For most of last year, our builds were getting slower in ways that were easy to notice but hard to explain. A change that once took six minutes to verify had crept past twelve. Nothing in our stack had fundamentally changed, yet every release carried a little more waiting with it.

The obvious response was to reach for new tools. We considered faster runners, a different bundler, and a larger cache. Instead, we paused and looked closely at the system we already had. The biggest gains, it turned out, were hiding in ordinary places: repeated work, broad dependency rules, and defaults nobody had questioned in years.

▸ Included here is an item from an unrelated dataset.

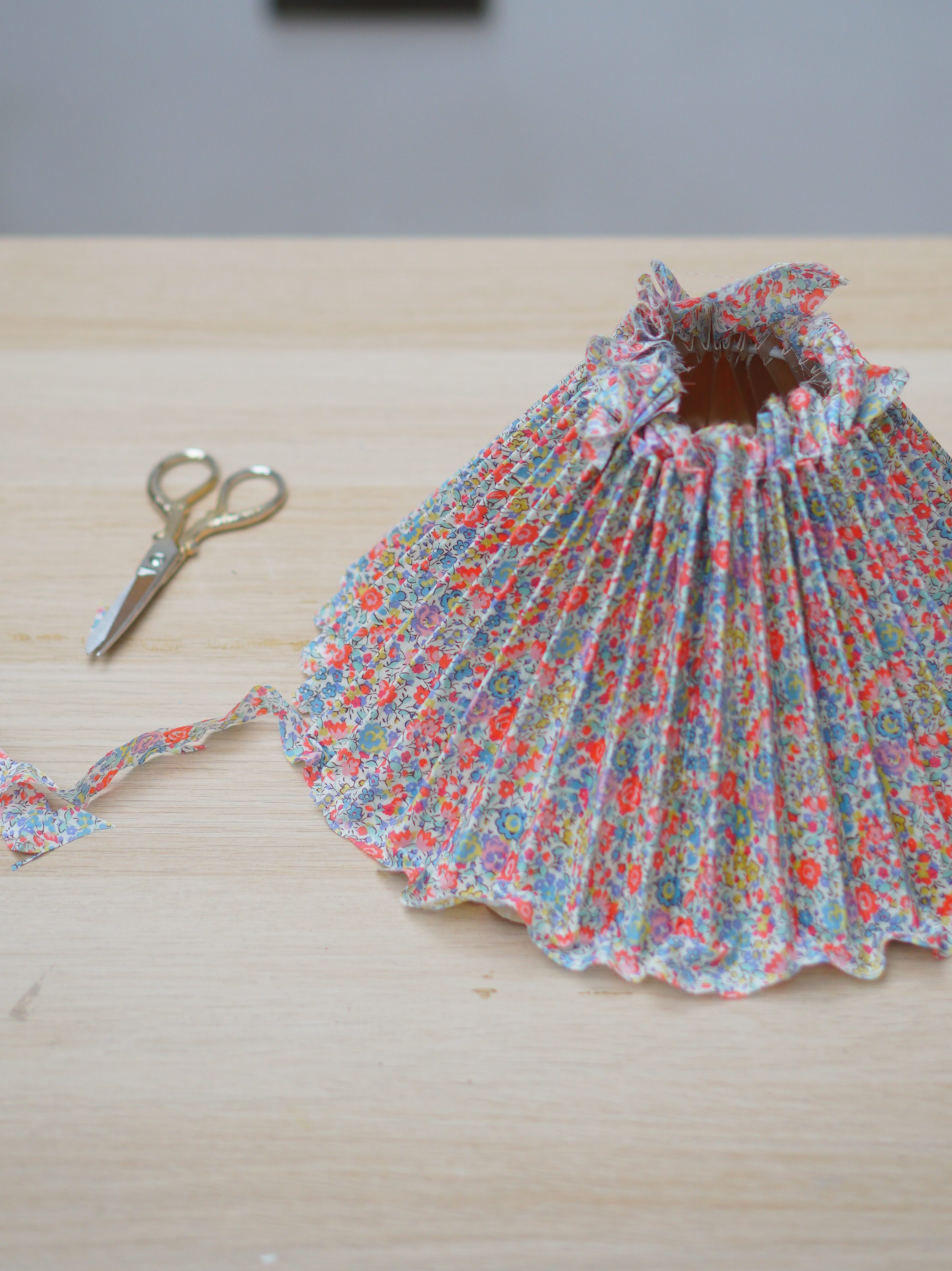 I carefully covered the top of the lampshade with the fabric, making sure it looked nice and smooth. Here’s how I did it using fabric glue:

Start by measuring, not guessing

Our first step was to make the build visible. We added timing around each stage, recorded cache hits, and tracked the files that caused downstream tasks to run. Within a week, the shape of the problem was clear. A handful of small jobs were invalidating most of the pipeline, while several expensive steps were running whether their inputs had changed or not.

“The fastest task is not the one you optimize. It is the one you discover you never needed to run.”

We narrowed task boundaries, made inputs explicit, and moved work out of the critical path. None of these changes was dramatic on its own. Together, they reduced median build time from twelve minutes to just under six, with the slowest builds improving even more.

The lesson was less about performance than attention. Before replacing a system, learn where it spends its time. Better measurements gave us better questions—and those questions were enough to make the stack we already trusted feel fast again.